Scrap trending posts from Weibo front page.

Usage guide

As a library

Install

pip install weibo-trending

Get and parse posts

from weibo_trending import get_new_posts, parse_response

resp = get_new_posts()
mblogs = parse_response(resp)
for mblog in mblogs:
    print(mblog)

Get and parse comments

from weibo_trending import get_raw_comments, parse_comments

example_post_id = "4840673008419178"
raw_cmt = get_raw_comments(example_post_id)
comments = parse_comments(raw_cmt)
for c in comments:
    print(c)

As a command line tool

Install

pip install weibo-trending

Usage

python -m weibo_trending --help

    usage: weibo_trending [-h] [-d DIR] [-s]

    Scrape and parse Weibo trending posts.

    optional arguments:
    -h, --help          show this help message and exit
    -d DIR, --dir DIR   specify the output directory.
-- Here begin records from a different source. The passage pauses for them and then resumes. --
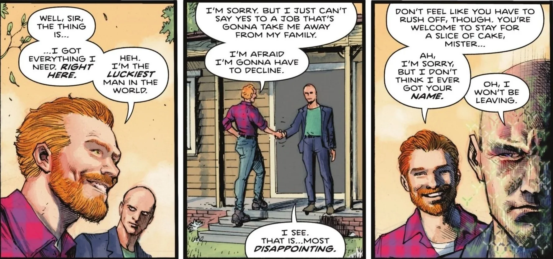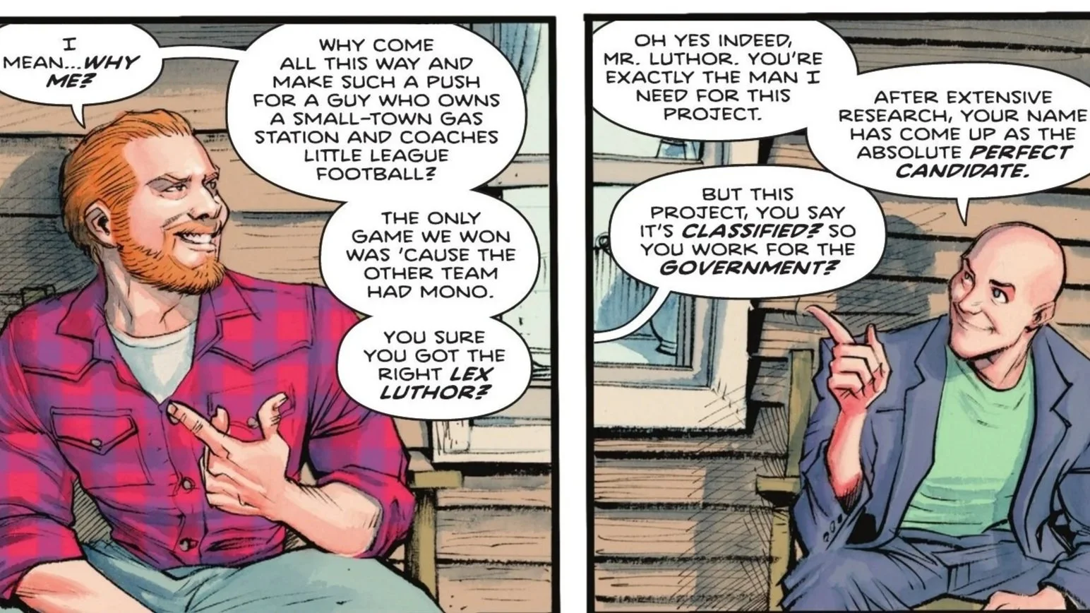 Our issue nears its conclusion, shifting from the chaotic streets of Metropolis to the quiet suburbs of Missouri. It’s an idyllic scene: two men speaking on the front porch of a modest home. The first man—a redhead with a beard and a flannel shirt—is revealed to be this world's Lex Luthor, who has apparently been given a generous offer he doesn’t quite understand.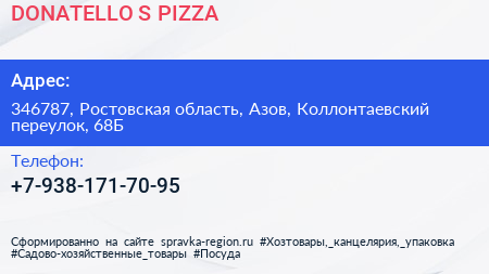 DONATELLO`S PIZZA по адресу 346787, Ростовская область, Азов, Коллонтаевский переулок, 68Б в дальнейшем Организация, размещена в следующих категориях: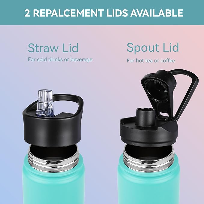 - Spout Lid and Straw Lid: This water bottle comes with 2 lids: an innovative leak-proof spout lid and a newly improved straw lid that has been enhanced for better flow. You can choose suitable lid based on different situations, which increases your options.The wide mouth design makes it very convenient for adding ice or cleaning the inner walls of the bottle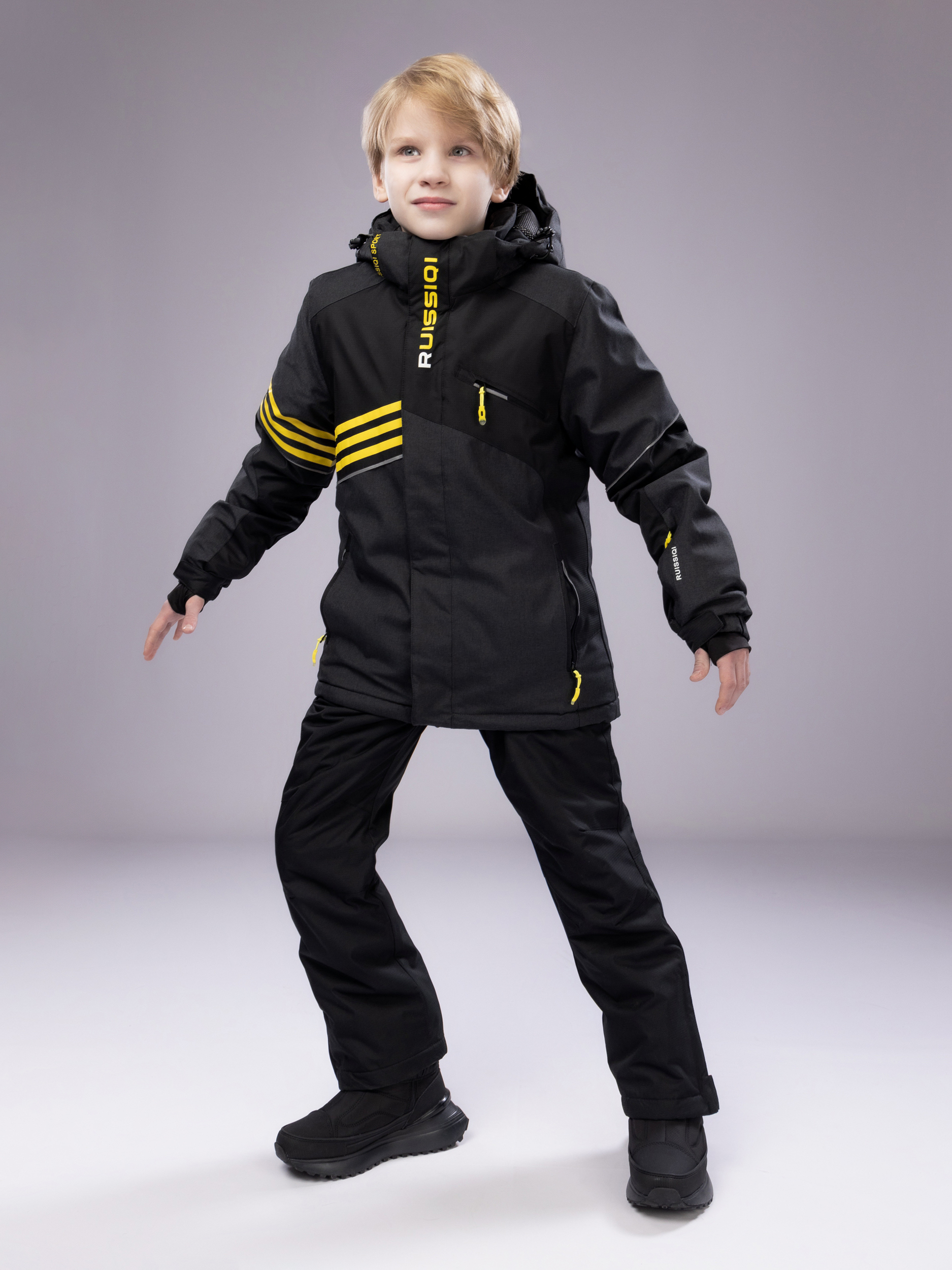Комплектация включает утепленную куртку и брюки, обеспечивающие надежную защиту от холода и снега. Куртка оснащена прочной молнией, высоким воротником и регулируемым капюшоном, что помогает ребенку укрыться от ветра и осадков.

Defaults to the current working directory
    -s, --skip-parsing  whether to skip parsing and dump the raw JSON response from Weibo


python -m weibo_trending

weibo_trending will save each scraped post with the following filename format:

  • weibo_<user ID>_<post ID>.json
  • Example: weibo_1631153043_4834313265233660.json

Each call to weibo_trending usually saves 10 new files. If you get fewer than 10, that means the response contains one or more deleted posts. They are not saved.

Develop

git clone https://github.com/ericlingit/weibo-trending.git
cd weibo-trending
python3 -m venv venv
source venv/bin/activate
pip install -U pip wheel
pip install -r requirements.txt
pip install -e .
pytest

Package

python -m build --wheel

The built wheel is in ./dist/.